### Task goal:
Starting with the line that has "경기뉴스광장 정일수 기자" and finishing with the line that has "抽象水墨般的油画,春羽,精油", set down each line below exactly. Pictures are not copied.

------ Data supplied ------

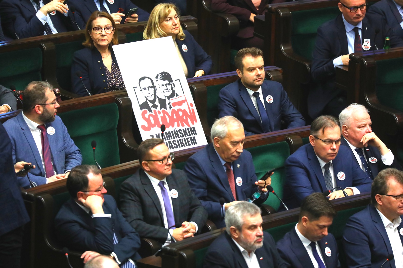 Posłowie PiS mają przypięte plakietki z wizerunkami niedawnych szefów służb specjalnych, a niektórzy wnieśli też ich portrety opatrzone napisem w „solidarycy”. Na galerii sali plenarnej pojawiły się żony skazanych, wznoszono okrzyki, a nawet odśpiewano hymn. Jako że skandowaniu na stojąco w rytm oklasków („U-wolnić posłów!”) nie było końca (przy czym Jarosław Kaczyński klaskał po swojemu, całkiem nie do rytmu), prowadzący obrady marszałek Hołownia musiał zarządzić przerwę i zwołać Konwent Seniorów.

------
------ Data supplied ------

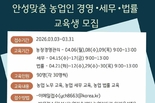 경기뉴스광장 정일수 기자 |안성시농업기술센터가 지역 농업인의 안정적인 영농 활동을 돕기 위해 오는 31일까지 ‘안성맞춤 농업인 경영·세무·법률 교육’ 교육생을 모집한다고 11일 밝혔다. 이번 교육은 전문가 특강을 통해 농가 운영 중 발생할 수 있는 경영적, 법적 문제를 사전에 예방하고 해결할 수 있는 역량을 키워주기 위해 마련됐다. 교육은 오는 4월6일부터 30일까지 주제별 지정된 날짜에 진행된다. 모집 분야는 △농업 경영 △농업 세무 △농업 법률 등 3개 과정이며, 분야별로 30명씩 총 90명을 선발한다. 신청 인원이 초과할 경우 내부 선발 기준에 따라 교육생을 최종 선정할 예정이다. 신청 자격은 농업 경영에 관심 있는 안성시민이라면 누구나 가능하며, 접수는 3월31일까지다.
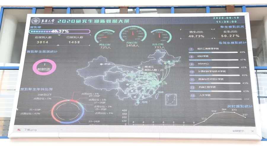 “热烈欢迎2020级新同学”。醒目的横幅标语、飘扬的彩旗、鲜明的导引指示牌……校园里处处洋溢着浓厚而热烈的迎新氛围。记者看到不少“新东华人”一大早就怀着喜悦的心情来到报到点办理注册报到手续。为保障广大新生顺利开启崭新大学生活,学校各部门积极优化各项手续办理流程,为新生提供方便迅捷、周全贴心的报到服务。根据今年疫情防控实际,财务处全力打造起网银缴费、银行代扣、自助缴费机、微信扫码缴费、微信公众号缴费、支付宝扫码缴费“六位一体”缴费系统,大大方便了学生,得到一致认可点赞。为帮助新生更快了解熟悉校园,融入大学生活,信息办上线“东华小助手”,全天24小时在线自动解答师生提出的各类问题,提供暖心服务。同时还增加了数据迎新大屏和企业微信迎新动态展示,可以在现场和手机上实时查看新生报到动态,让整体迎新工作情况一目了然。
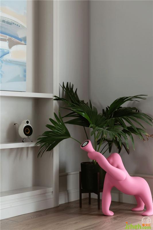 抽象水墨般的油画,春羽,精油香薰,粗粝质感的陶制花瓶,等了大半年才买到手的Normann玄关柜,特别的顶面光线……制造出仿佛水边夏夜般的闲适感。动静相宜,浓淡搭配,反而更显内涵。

------

### Completed task:
 경기뉴스광장 정일수 기자 |안성시농업기술센터가 지역 농업인의 안정적인 영농 활동을 돕기 위해 오는 31일까지 ‘안성맞춤 농업인 경영·세무·법률 교육’ 교육생을 모집한다고 11일 밝혔다. 이번 교육은 전문가 특강을 통해 농가 운영 중 발생할 수 있는 경영적, 법적 문제를 사전에 예방하고 해결할 수 있는 역량을 키워주기 위해 마련됐다. 교육은 오는 4월6일부터 30일까지 주제별 지정된 날짜에 진행된다. 모집 분야는 △농업 경영 △농업 세무 △농업 법률 등 3개 과정이며, 분야별로 30명씩 총 90명을 선발한다. 신청 인원이 초과할 경우 내부 선발 기준에 따라 교육생을 최종 선정할 예정이다. 신청 자격은 농업 경영에 관심 있는 안성시민이라면 누구나 가능하며, 접수는 3월31일까지다.
 “热烈欢迎2020级新同学”。醒目的横幅标语、飘扬的彩旗、鲜明的导引指示牌……校园里处处洋溢着浓厚而热烈的迎新氛围。记者看到不少“新东华人”一大早就怀着喜悦的心情来到报到点办理注册报到手续。为保障广大新生顺利开启崭新大学生活,学校各部门积极优化各项手续办理流程,为新生提供方便迅捷、周全贴心的报到服务。根据今年疫情防控实际,财务处全力打造起网银缴费、银行代扣、自助缴费机、微信扫码缴费、微信公众号缴费、支付宝扫码缴费“六位一体”缴费系统,大大方便了学生,得到一致认可点赞。为帮助新生更快了解熟悉校园,融入大学生活,信息办上线“东华小助手”,全天24小时在线自动解答师生提出的各类问题,提供暖心服务。同时还增加了数据迎新大屏和企业微信迎新动态展示,可以在现场和手机上实时查看新生报到动态,让整体迎新工作情况一目了然。
 抽象水墨般的油画,春羽,精油香薰,粗粝质感的陶制花瓶,等了大半年才买到手的Normann玄关柜,特别的顶面光线……制造出仿佛水边夏夜般的闲适感。动静相宜,浓淡搭配,反而更显内涵。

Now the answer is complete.